Sabina of Brandenburg-Ansbach (12 May 1529 – 2 November 1575) was a princess of Brandenburg-Ansbach and Electress of Brandenburg by marriage.

Life 
Sabina was the daughter of George, Margrave of Brandenburg-Ansbach (1484–1543) from his second marriage to Hedwig of Münsterberg-Oels (1508–1531), daughter of the Duke Charles I of Münsterberg-Oels. The princess was brought up by her stepmother Emilie of Saxony in the Lutheran faith.

On 12 February 1548 Sabina married Elector John George of Brandenburg (1525–1598) in Ansbach.  His first wife Sophie of Legnica was Sabina's cousin.  The day before the wedding ceremony, she solemnly renounced her possible paternal inheritance.  The district, city and castle of Plauen were made over to her as her Wittum.  Since Plauen, like all districts of Brandenburg, was not free of debt, lengthy negotiations about the compensation for her dowry of 12,000 guilders led to the district and monastery of Spandau also being assigned to her.
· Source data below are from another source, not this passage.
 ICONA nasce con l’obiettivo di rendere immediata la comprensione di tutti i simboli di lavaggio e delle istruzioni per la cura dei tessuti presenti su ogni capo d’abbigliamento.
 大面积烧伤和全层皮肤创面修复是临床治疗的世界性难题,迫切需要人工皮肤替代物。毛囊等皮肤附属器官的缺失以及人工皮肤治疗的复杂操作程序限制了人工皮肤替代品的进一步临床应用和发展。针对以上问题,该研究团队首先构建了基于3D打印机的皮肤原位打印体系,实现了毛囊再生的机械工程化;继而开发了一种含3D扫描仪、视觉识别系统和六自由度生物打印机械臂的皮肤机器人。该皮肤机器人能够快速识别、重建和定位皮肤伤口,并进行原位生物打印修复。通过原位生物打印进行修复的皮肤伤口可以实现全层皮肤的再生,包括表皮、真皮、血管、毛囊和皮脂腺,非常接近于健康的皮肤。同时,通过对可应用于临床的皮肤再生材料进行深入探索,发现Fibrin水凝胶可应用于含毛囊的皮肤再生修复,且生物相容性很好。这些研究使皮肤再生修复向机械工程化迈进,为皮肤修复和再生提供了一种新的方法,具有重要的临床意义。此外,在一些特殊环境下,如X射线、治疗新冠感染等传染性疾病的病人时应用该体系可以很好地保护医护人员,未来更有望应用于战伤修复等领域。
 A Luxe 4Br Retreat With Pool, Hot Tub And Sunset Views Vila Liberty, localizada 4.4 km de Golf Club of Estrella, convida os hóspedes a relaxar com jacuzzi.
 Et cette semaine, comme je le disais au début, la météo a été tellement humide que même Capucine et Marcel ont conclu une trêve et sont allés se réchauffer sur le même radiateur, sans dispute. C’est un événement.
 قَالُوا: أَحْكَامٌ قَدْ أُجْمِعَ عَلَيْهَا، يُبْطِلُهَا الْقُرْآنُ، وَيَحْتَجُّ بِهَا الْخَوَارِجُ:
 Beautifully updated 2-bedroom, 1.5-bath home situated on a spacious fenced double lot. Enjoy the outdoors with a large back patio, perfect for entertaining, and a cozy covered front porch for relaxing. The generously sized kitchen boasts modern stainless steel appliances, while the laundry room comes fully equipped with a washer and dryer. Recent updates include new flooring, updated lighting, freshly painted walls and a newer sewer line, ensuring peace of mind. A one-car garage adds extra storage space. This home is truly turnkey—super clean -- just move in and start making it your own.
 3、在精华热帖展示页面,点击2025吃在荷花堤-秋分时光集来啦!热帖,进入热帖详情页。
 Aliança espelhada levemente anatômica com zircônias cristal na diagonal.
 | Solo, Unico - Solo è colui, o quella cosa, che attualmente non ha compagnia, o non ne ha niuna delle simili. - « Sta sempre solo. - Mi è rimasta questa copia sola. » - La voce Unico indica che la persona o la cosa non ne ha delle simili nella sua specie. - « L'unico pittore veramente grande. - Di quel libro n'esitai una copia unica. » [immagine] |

Sabina's husband was heir apparent to the Electorate of Brandenburg for 23 years.  The couple spent this time on various castles in the territories of Brandenburg.  The family's official residence was Zechlin castle in Rheinsberg near Wittstock.  Here Sabina cared for her own children and also for her stepson Joachim Friedrich, who later became Elector of Brandenburg.  Sabina's thrifty life style caused Rheinsberg to prosper for a while.

After Sabina's husband became Elector in 1571, she had an influence on religious affairs and was a patron of churches and schools.  She supported the sick and the poor and had regular personal contact with the doctor Leonhard Thurneysser.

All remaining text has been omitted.